Marguerite Louise d'Orléans was a daughter of Gaston, Duke of Orléans and his second wife Marguerite of Lorraine. She spent her childhood during the Fronde in Blois, where Cardinal Mazarin had banned her father for his plotting with all parties concerned.
Marguerite, "beautiful as the day", was a candidate to marry her cousin Louis XIV, but it was Louise de La Vallière who grew up with Marguerite, who became his mistress.
Her marriage with Cosimo III de' Medici, Grand Duke of Tuscany was also arranged by Mazarin and was finally concluded, after 3 years of negotiations, on June 20 1661. The marriage was not happy and the relationship with her mother-in-law Vittoria Della Rovere was awful. Marguerite asked for a separation and the permission to return to France.
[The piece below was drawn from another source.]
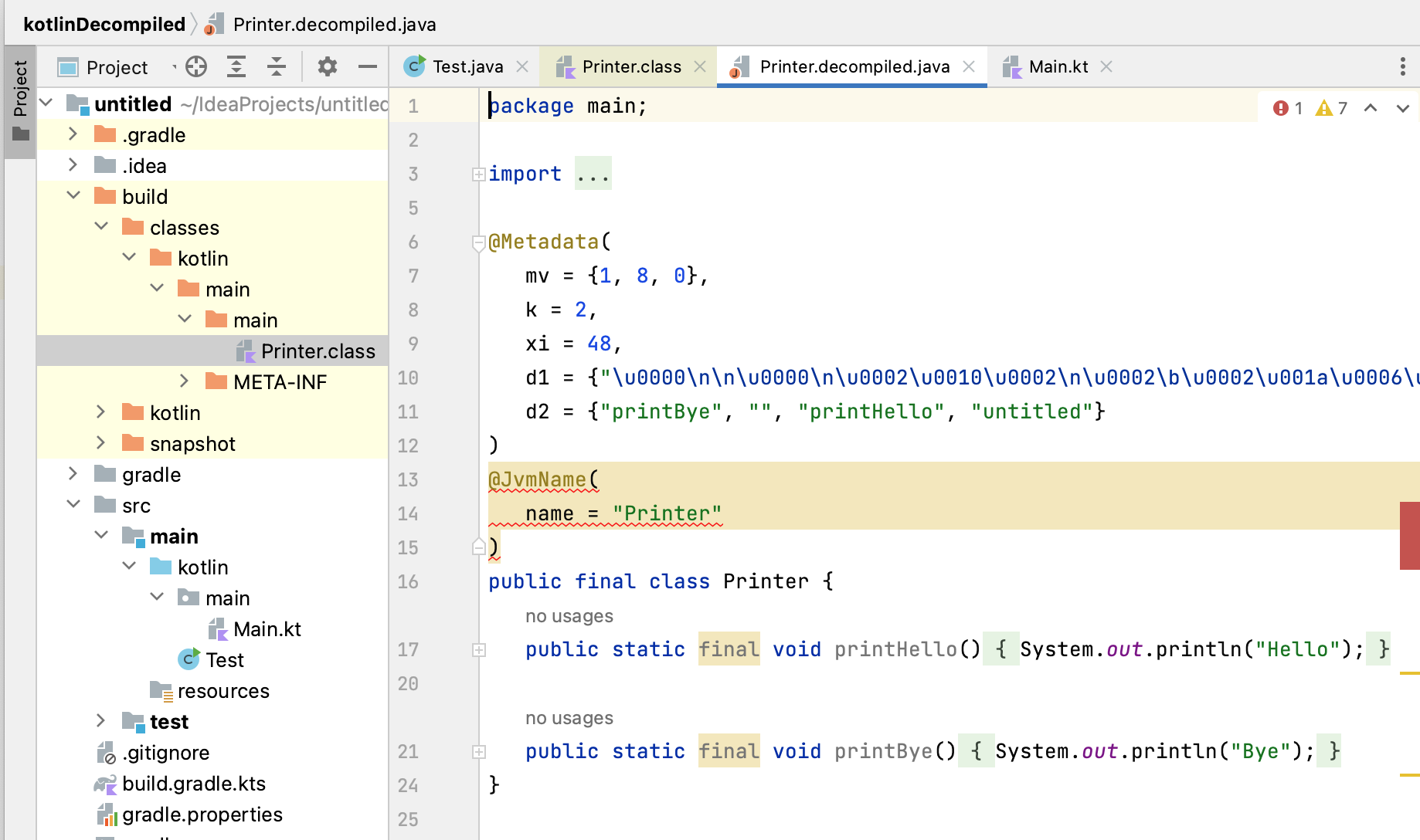 다시 빌드를 해보면 MainKt.class 대신 Printer.class가 생성된 것을 확인할 수 있다.

Probably upon his mothers' advice, Cosimo agreed to the separation: in 1674 Marguerite-Louise returned to Paris, taking up lodging, albeit episodically causing scandal, in the Benedictine monastery of Montmartre.
She died alone and forgotten, but rich after inheriting from her sister Elizabeth.
[edit] Children
Marguerite Louise d'Orléans had three children with her husband Cosimo III:
- Ferdinando (August 9, 1663 – October 31, 1713)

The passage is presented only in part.